Inverse quadratic optimization with linear equality constraints

Question

considering following quadratic optimization problem with linear equality constraints \begin{equation} \begin{aligned} \max_w~& r^\top w - \frac{1}{2}w^\top Q w \\ \mathrm{s.t.}& \sum w = 1 \end{aligned} \end{equation} By given $r\in\Re^{N\times 1}$ and positive definite $Q$, it is easy to find the analytical solution: \begin{equation} \begin{bmatrix} -Q & \mathbf{1}_{N\times 1} \\ \mathbf{1}_{1\times N} & 0 \end{bmatrix}\begin{bmatrix} w\\ \lambda \end{bmatrix} = \begin{bmatrix} r\\ 1 \end{bmatrix} \end{equation} where $\lambda$ is the Lagrange multiplier. I was wondering, by given the optimal $w^*$, is it possible to derive the vector $r$?

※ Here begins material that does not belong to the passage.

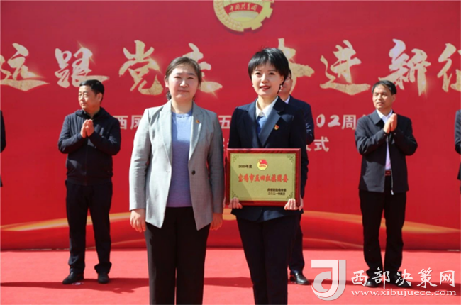 共青團寶雞市委書記高婷為2020年度五四紅旗團委代表朱小倩頒獎

I thought it would be easy, because \begin{equation} w = Q^{-1} (r + \mathbf{1}_{N\times 1} \lambda) \Longrightarrow \sum(w) = \mathbf{1}_{1\times N}Q^{-1} (r + \mathbf{1}_{N\times 1} \lambda) = 1 \end{equation} hence \begin{equation} \begin{bmatrix} I_N & \mathbf{1}_{N\times 1} \\ \mathbf{1}_{1\times N}Q^{-1} & \mathbf{1}_{1\times N}Q^{-1}\mathbf{1}_{N\times 1} \end{bmatrix}\begin{bmatrix} r\\ \lambda \end{bmatrix} = \begin{bmatrix} Qw\\ 1 \end{bmatrix} \end{equation} However, I found that matrix is not invertible due to rank deficiency. Can anyone help me to obtain the $r$ given $w^*$? Thanks!

Answer 1

The problem you pose is minimization of $||w-Q^{-1/2}r||_{Q^{1/2}}$ over the simplex, i.e. some weighted projection to the simplex. Given a projection $w^{*}$ there are generically infinitely many $r$ which yield the same projection (thus the issue with non-invertible). A picture in 2d says it all hopefully (here drawn for simple case with $W=I$, red line is the simplex, green line all possible $r$, two centers $r^{*}$ with corresponding level sets of the quadratic, and both of them yield the same projection $w^{*}$

Answer 2

Forming the Lagrangian

$$ L(w,\lambda) = r^{\top}w-\frac 12 w^{\top}Qw+\lambda(1^{\top}w-1) $$

we have

$$ \nabla L = 0 = r^{\top}-w^{\top}Q+\lambda 1^{\top}=0 $$

multiplying by $w$ we have

$$ r^{\top}w-w^{\top}Qw+\lambda 1^{\top}w = 0\Rightarrow r^{\top}w-w^{\top}Qw+\lambda = 0 $$

and finally

$$ r^{\top}-w^{\top}Q+(w^{\top}Qw-r^{\top}w) 1^{\top}=0 $$

or

$$ r - (w^{\top}r) 1 = Q^{\top}w-(w^{\top}Q^{\top}w)1\Rightarrow (I_n-W) r = Q^{\top}w-(w^{\top}Q^{\top}w)1 $$

then

$$ r = (I_n-W)^{-1}\left(Q^{\top}w-(w^{\top}Q^{\top}w)1\right) $$

Here

$$ \cases{ 1^{\top} = (1,\cdots,1)\\ I_n = \text{Identity matrix}\\ W = (w,\cdots,w)^{\top} } $$